Pat McCormack said that the prices made no commercial sense and in his opinion there was ‘a bubble’ in the making.
“The further increase in the price of quota has to be of concern to individual farmers and the sector generally. The reality is that we have seen a dramatic and unjustified explosion in the cost of quota. In the case of Kerry, that increase is almost four-fold from 8 cents to 30 cents and in Connacht Gold, a traditionally low-cost quota area, it has almost doubled from 5 cents to 9 cents. That situation also applies in Arrabawn while in the Lakeland area, it has trebled. Regardless of the means of assessment, these price increases make no commercial sense,” stated the ICMSA Dairy Chairman.

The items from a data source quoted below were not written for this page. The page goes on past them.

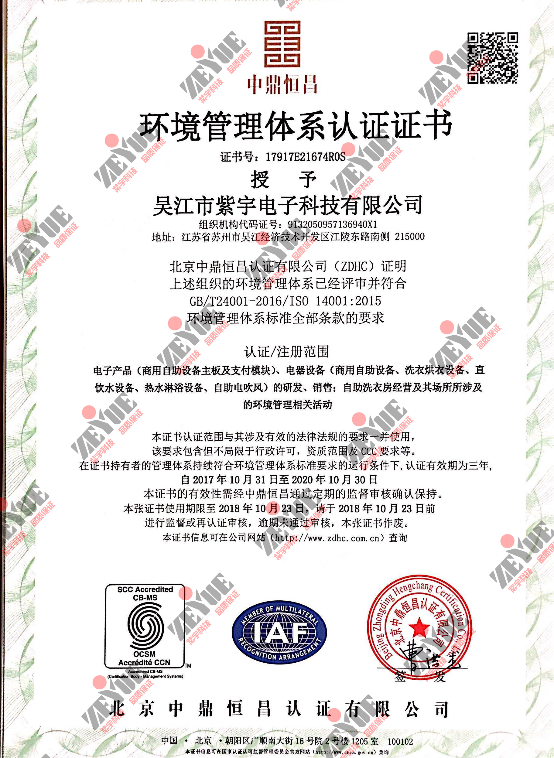 環(huán)境管理體系認證證書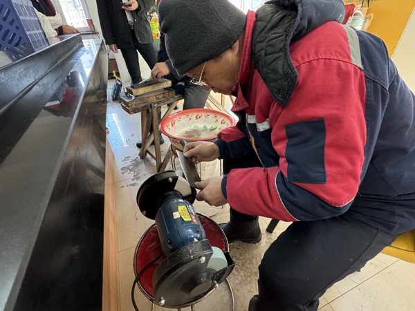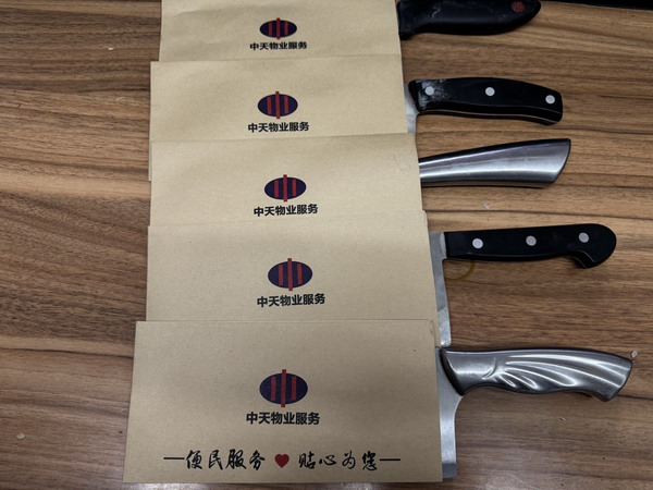 寒冷的天氣也阻擋不住業(yè)主們參加活動的熱情,他們拿出家里的菜刀、砍刀、剔骨刀、剪刀、西餐刀……等各式刀具來到服務中心的便民服務點排隊磨刀。在磨刀等候的閑暇之余業(yè)主們還可以嘮著家常,拉近了彼此之間的距離。物業(yè)工作人員為業(yè)主的每把刀具上貼好樓號房號,做好登記。
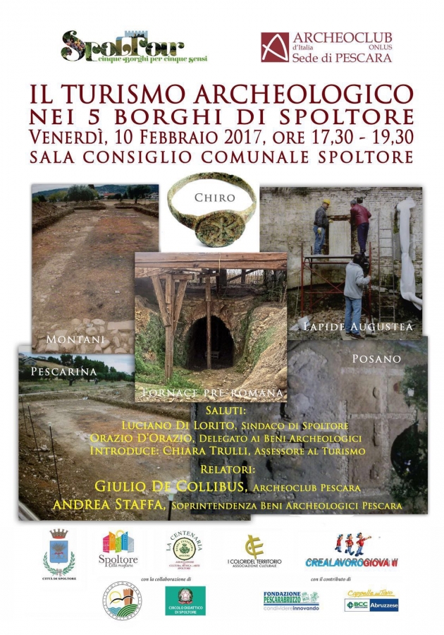 Proseguono le iniziative di promozione turistica del territorio. Domani (venerdì 10 febbraio), alle ore 17.30, nella Sala Consiliare di Palazzo di Città, si svolgerà l’incontro: “Il turismo archeologico nei cinque borghi di Spoltore”, promosso dall’Amministrazione comunale nell’ambito del progetto ‘Spoltour’ con la collaborazione dell’Archeoclub d’Italia Onlus - sede di Pescara.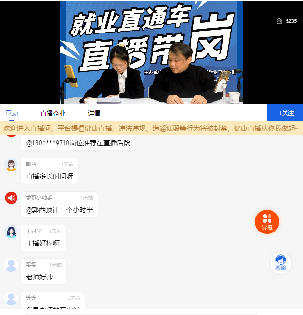 为落实好学校2023年就业工作要求,做好2023届毕业生工作,德赢ac米兰官方合作专职就业工作辅导员李杰老师在大浔直聘平台为毕业生开展了“直播带岗”活动。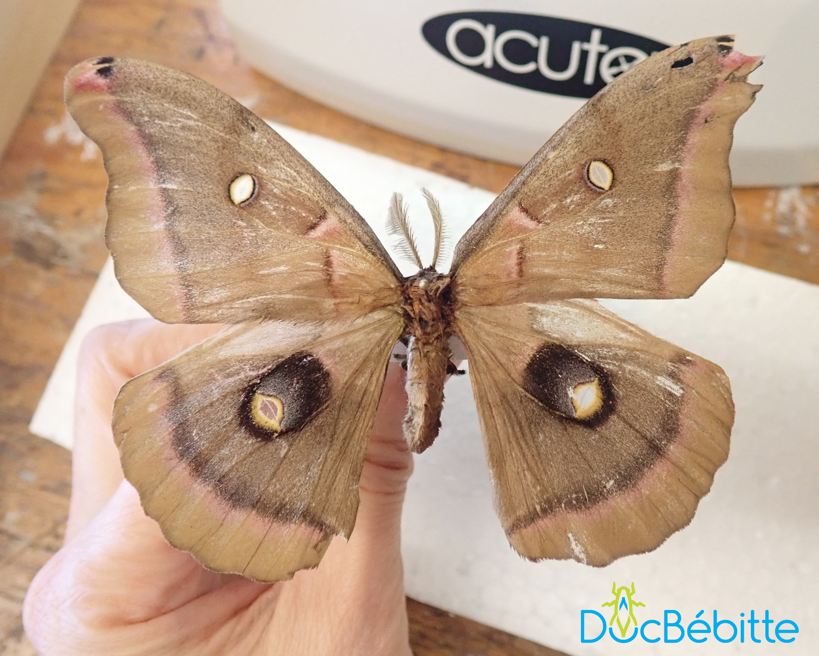 En effet, avec ses 10 à 15 cm d’envergure, il s’agit d’un insecte fort impressionnant, en deuxième position du palmarès des plus gros papillons nocturnes québécois derrière la saturnie cécropia.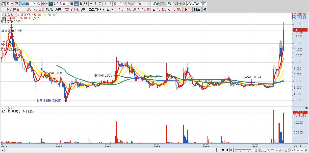 - 화성밸브 (14,110원 ▲ 25.76% , 시총: 1,469억, 거래량: 60,179,786, 거래대금:8,236억)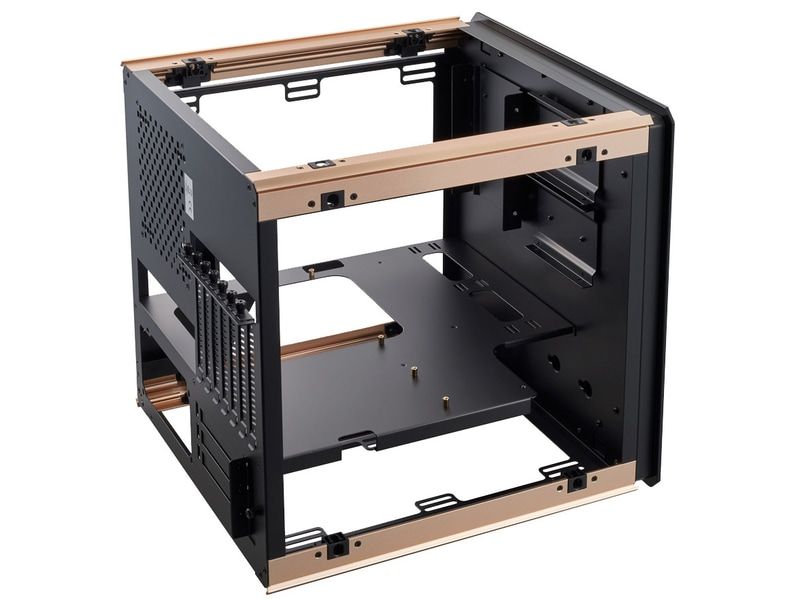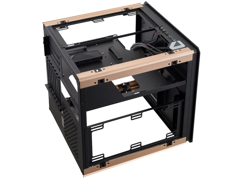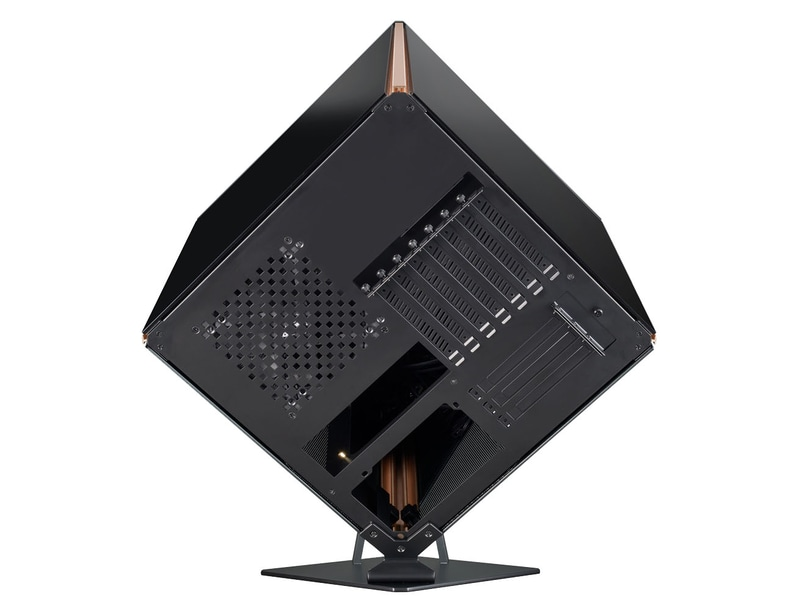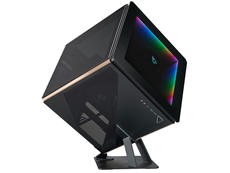 Кубический корпус для ПК форм-фактора ATX поставляется с пьедесталом, на котором основной блок может быть установлен под углом. Закаленное стекло используется на боковых и передней панелей, которые являются верхними двумя сторонами, когда устройство установлено под углом. Нижние две стороны изготовлены из алюминия. Передняя панель имеет ламинированный зеркальный дизайн со светодиодной подсветкой со всех четырех сторон.

“At individual farm level, it may make sense for a farmer faced with a massive superlevy bill to offset in effect the risk that he now faces. But surely this is no way to organise and plan a sector that is capable and poised for expansion given the right conditions,” noted the Dairy Committee Chairman.
He continued, “There are too many unknowns, many of which could be addressed and clarified in a relatively straightforward way. In fairness to the Department of Agriculture, they have set out very understandable system of providing information regarding the supply situation based on the average of the last three years. This system is unfortunately not followed by all co-ops and that all adds to the uncertainty and pushes up the price of quota unnecessarily.”

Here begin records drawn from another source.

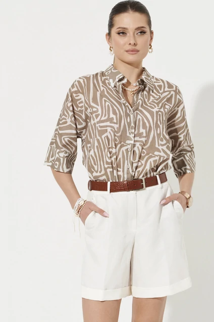 Блузка женская из хлопчатобумажной ткани прямого силуэта для повседневной носки. В блузке имеется центральная бортовая застежка на девять обметанных петель и девять пуговиц. В боковых швах имеются небольшие разрезы. Горловина обработана рубашечным воротником с отрезной стойкой. Блузка с втачным рукавом длиной чуть ниже локтя, низ рукава обработан притачной манжетой. Очень легкая и воздушная блузка подарит вашему телу комфорт, а также будет отлично смотреться на вашей фигуре.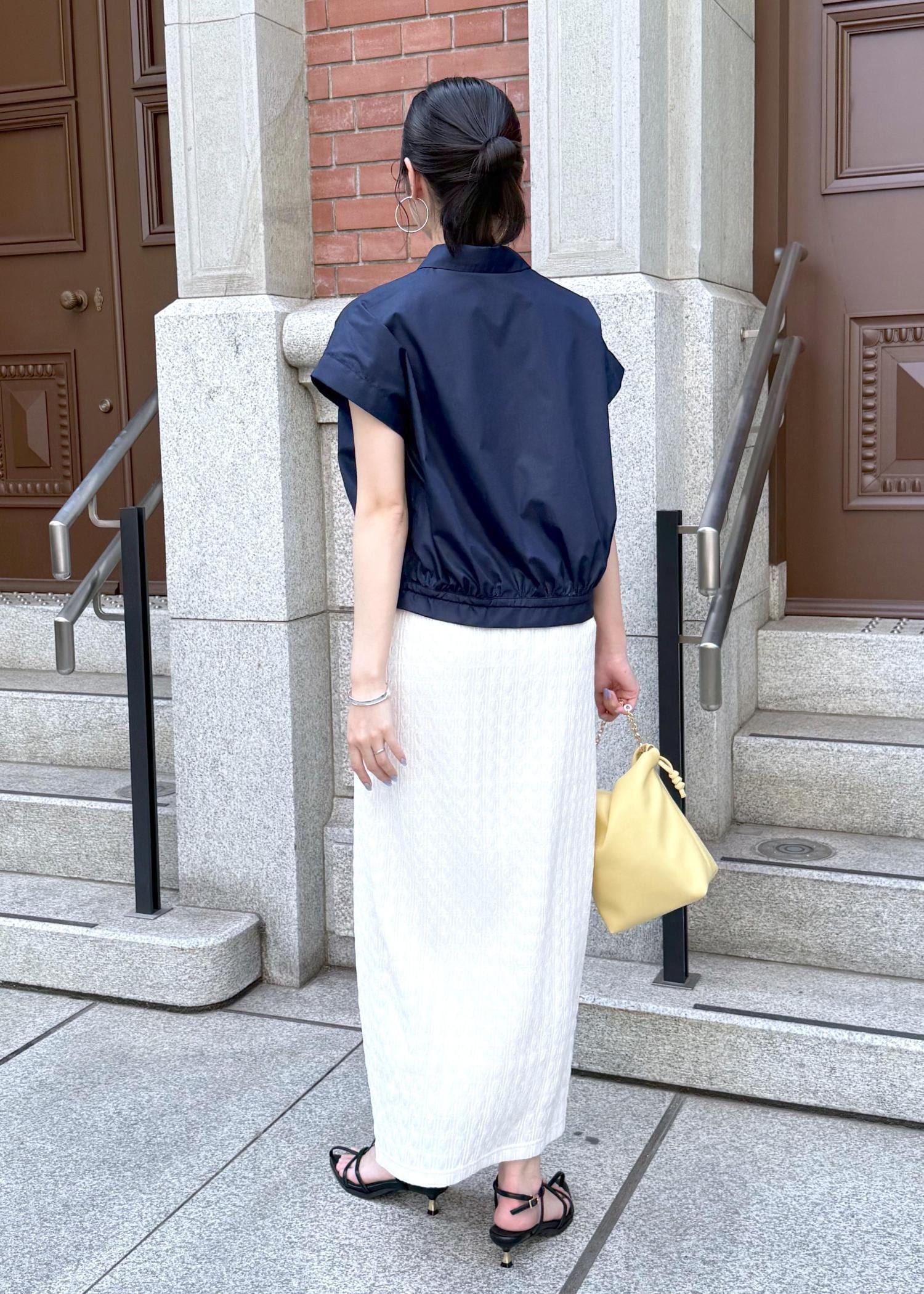 二の腕にかかるくらいのフレンチスリーブで、華奢見えします! -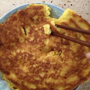 放油,等油热了放入蛋糊。我这里开始没掌握好全煎了,结果太厚了,两面有点焦了,所以建议一次少放点,做得薄些。然后很快,筷子夹一下,观察是否熟了。出锅,是不是很方便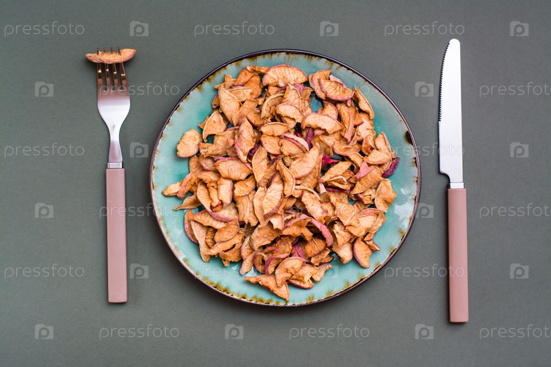Ломтики сухих яблок на тарелке и столовые приборы на зеленом фоне. Здоровое питание. Вид сверху

“The raft of announcements and schemes by co-ops and milk purchasers regarding seasonality penalties and possible capital contributions schemes post April 2015 are all contributing - and in my view, unnecessarily - to this substantial inflation in milk price. There is a bubble in the making here and ultimately it will be dairy farmers who will pay for it. At a time when quota prices should be falling, the opposite is the case. We all know this but people who should be giving more direction and speaking out on these matters have chosen to remain silent. In the New Year, and in advance of the second stage of the milk quota trading scheme 2012-2013, there should be more guidance and solid information to farmers so that they can make rational decisions”, continued Mr McCormack.

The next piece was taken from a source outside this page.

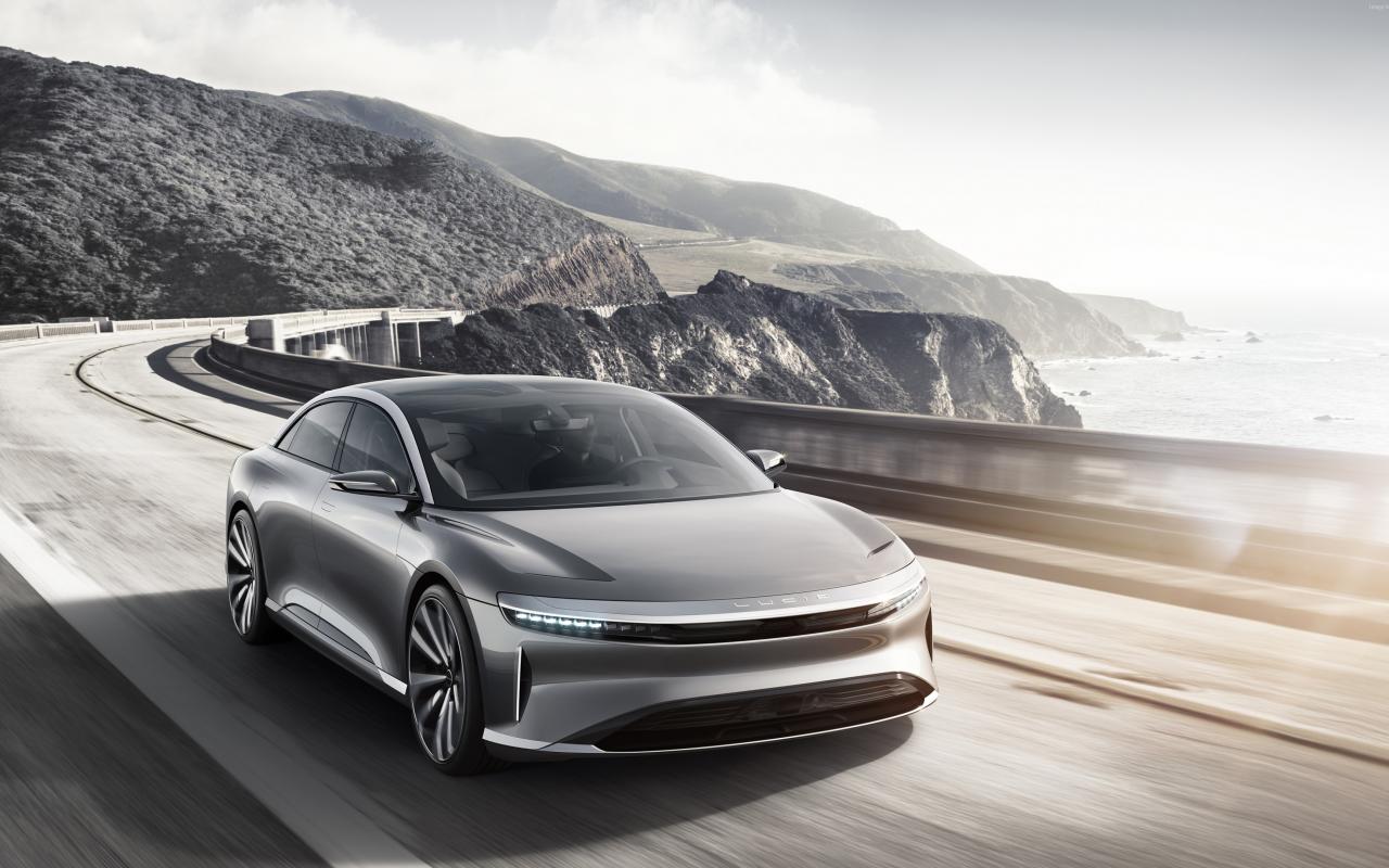 Обои Серебристый электрокар Lucid Air на трассе

“The Milk Quota Trading Scheme is not the real market. The real market is selling Irish dairy products on the domestic and foreign markets at a profitable margin. The Milk Quota Trading Scheme is merely re-distributing money within Ireland from active dairy farmers to people who are exiting the sector on the eve of the quotas being abolished in any event. More rational consideration of these points based on sound data and proper analysis is required and long over due,” he concluded.